How do you know who to believe?

  That's a topic that has come up here before; and it's one of the enduring problems of human existence. How do you know who is telling you the truth- when two or three or more opinions all clash, and claim expertise?  (Read Part 1, and Part 2, if you want to get the whole thing.)

  There's an excellent case in point today, from the NYT: Weapons experts raise doubts about Iron Dome.

   One of my deep secrets, I've actually been involved in technical discussions on the possibilities for "anti-missile" weapons since Reagan launched Star Wars.  I know a little about it- one thing being, you have to go a long, long, way to find any academic scientist who thinks shooting one missile with another is ever- EVER going to work.  From physicists to statisticians- they'll show you graphs and charts on why it's just plain not possible.

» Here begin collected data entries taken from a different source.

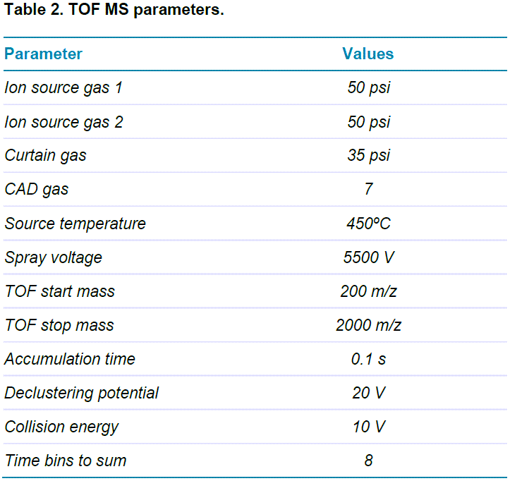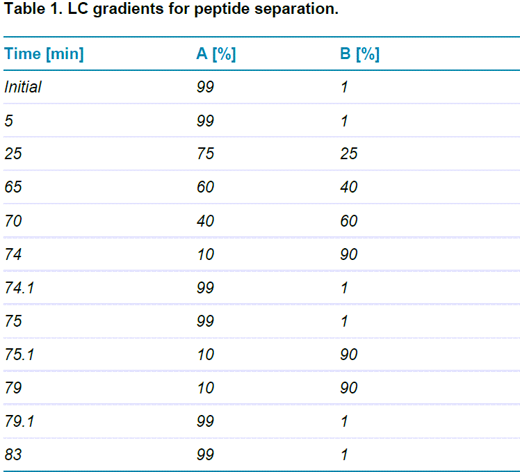 Chromatography: Peptides were separated using an ACQUITY CSH C18 column (2.1 x 150 mm, 1.7 µm, 130 Å, Waters), which was kept at 60ºC in the column oven of an ExionLC system (SCIEX). Table 1 shows the LC gradient used for peptide separation at a flow rate of 0.25 mL/min with mobile phases A and B consisting of 1% formic acid in water and 0.1% FA in acetonitrile, respectively.
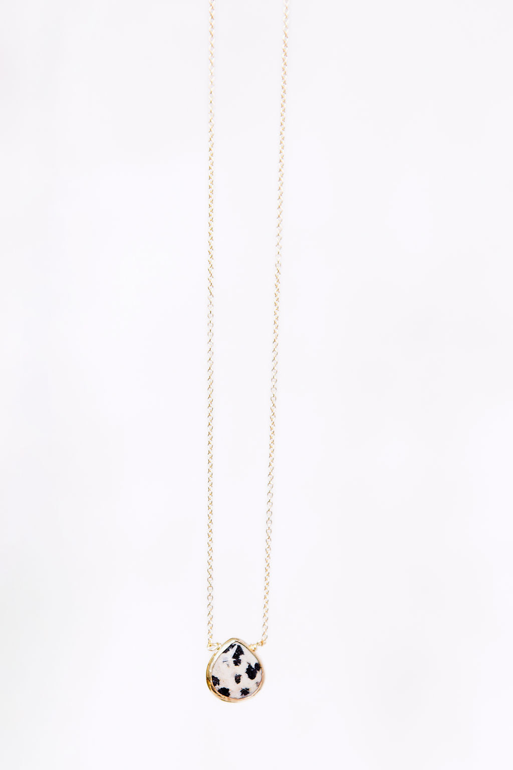 Love funky patterns? Us too! Dalmatian Jasper is one of our absolute favorite statement gemstones. While she looks great as a little statement piece, our favorite way to wear her is layered over a bold outfit of stripes and patterns.
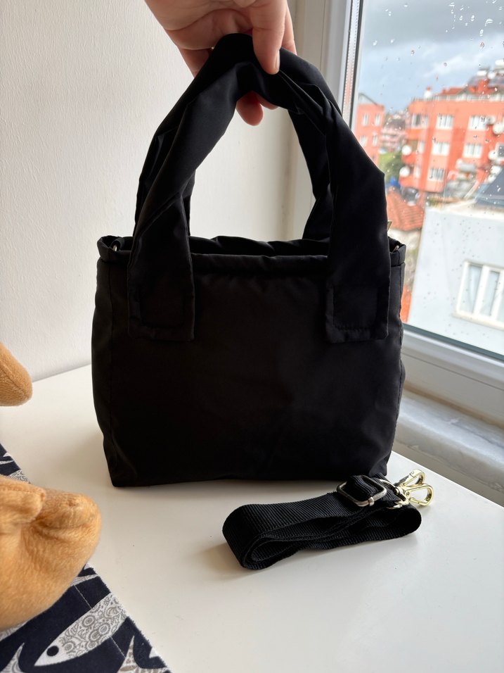 Yumuşak sentetik kumaştan yapılmış, sade tasarımlı siyah çanta, rahat taşıma için dolgulu saplara sahiptir. Günlük kullanım için çıkarılabilir askısı bulunur.
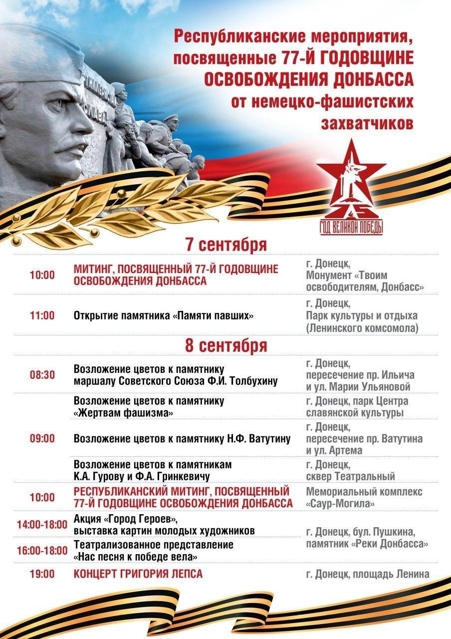 8 сентября 2020 г. у Мемориального комплекса «Саур-Могила» состоится Республиканский митинг, посвященный 77-й годовщине освобождения Донбасса от немецко-фашистских захватчиков.

  The crux of the NYT article- multiple real experts say they can find little to no evidence that the Israeli "Iron Dome" missile defense worked.  Maybe not at all.  Ever.

   If you're interested- read the story.  Then think about this: who says what; and where is the "vested interest"?

  It turns out this way; the people claiming "it worked!" are either the makers, who are pocketing huge profits, and want more; or the soldiers shooting them- who humanly want to believe they're doing some good (but no, they didn't see it happen, of course; and they've been extensively coached by the makers); or the politicians who are appropriating the dollars.  They have multiple reasons.

   The people claiming "it didn't work" - are pretty uniformly genuine experts in their field, who don't work for the missile manufacturers.  And who aren't getting paid to stick their necks out.  Oh- and the police in Israel; who report far more damage on the ground than the military thinks should be possible.

   Besides the "facts" presented: yes; you have to comprehend the human motivations working behind the scenes.  They're always there.